Samia Bensalem Ould Amara est une fière Akboucienne (de la région d’Abou, en Kabylie). Elle a vu le jour au printemps 1972. Enseignante de langue Kabyle, médiatrice sociale et familiale et militante associative, elle se consacre à la promotion et à la préservation de la langue, de la culture et de l’identité berbères kabyles. Samia Bensalem Ould Amara, puisque c’est d’elle qu’il s’agit, est aussi et surtout une militante engagée en faveur des droits des femmes et des peuples autochtones.

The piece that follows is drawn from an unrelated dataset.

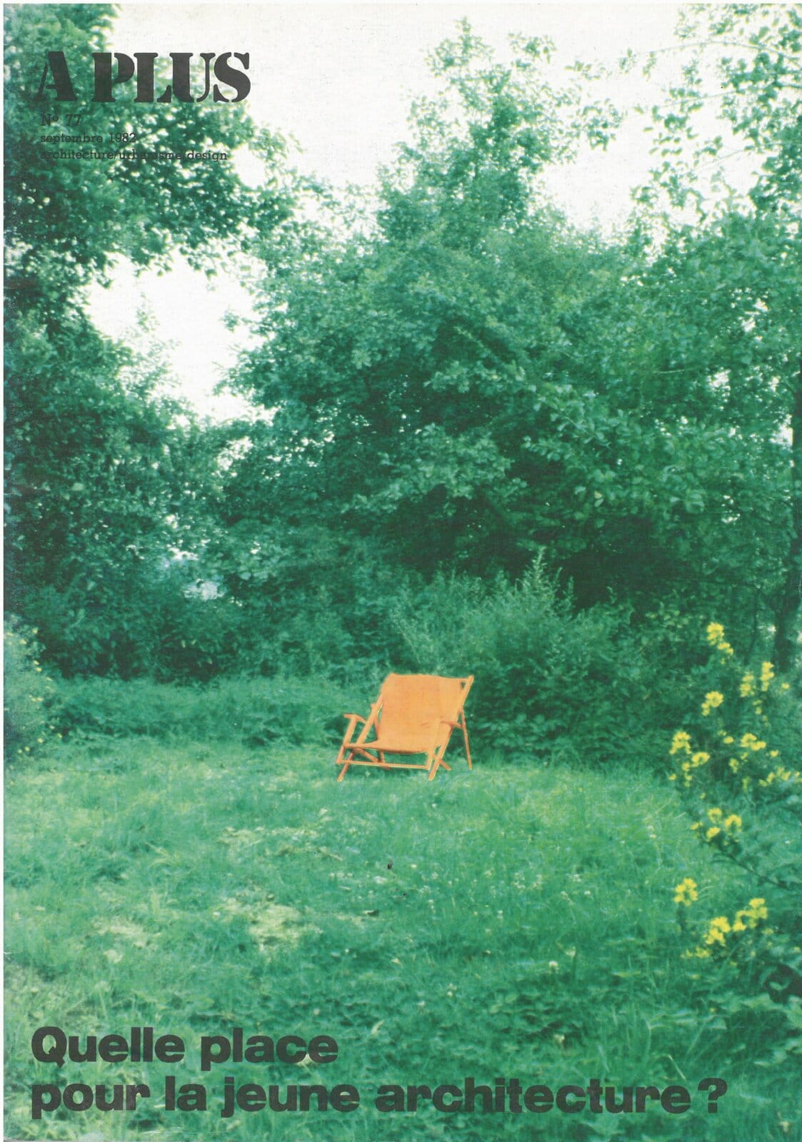 Sur la couverture du magazine A+77 de septembre 1982, on peut voir un transat orange dans un jardin verdoyant. Exception faite de quelques fleurs jaunes, le jardin est totalement vide, métaphore du grand néant où avait atterri l’architecture belge à la fin des années 1970. C’est précisément dans ce vide qu’A+ s’attelle alors à mener le débat sur l’architecture en présentant le travail de vingt jeunes architectes sous l’intitulé « Quelle place pour la jeune architecture ? ».

Aujourd’hui, encore plus qu’hier, elle met tout en œuvre pour lutter contre toutes les formes de discrimination. Samia vient de sortir un très beau livre intitulé « Graines d’Ariane », édité par les Éditions L’Harmattan. L’ouvrage est préfacé par Tassadit Yacine et Christine Delory-Momberger. Samia est Maire adjointe de Saint-Denis, la ville des milles cultures, des milles langues. Samia est une passionnée qui milite, là où les nobles causes lui tendent les mains. Elle a organisé des événements mémorables comme la fête berbère, bretonne à Saint-Denis, montrant son dévouement pour réunir différentes communautés, construire des ponts entre les cultures et préserver notre précieux héritage berbère.
Donner une voix aux oubliés ! C’est peut-être, ces trois mots qui peuvent résumer le dernier livre de Samia Bensalem Ould Amara. Un récit autobiographique, publié en avril dernier chez L’Harmattan. Samia a d’abord voulu raconter son enfance et son adolescence dans une Kabylie post indépendance, marquée par les contradictions entre tradition et modernité. En écrivant ce livre, elle veut surtout laisser une trace de ce vécu, transmettre ce qu’était la vie d’une jeune fille kabyle prise entre les aspirations à l’émancipation et les pressions sociales ou familiales.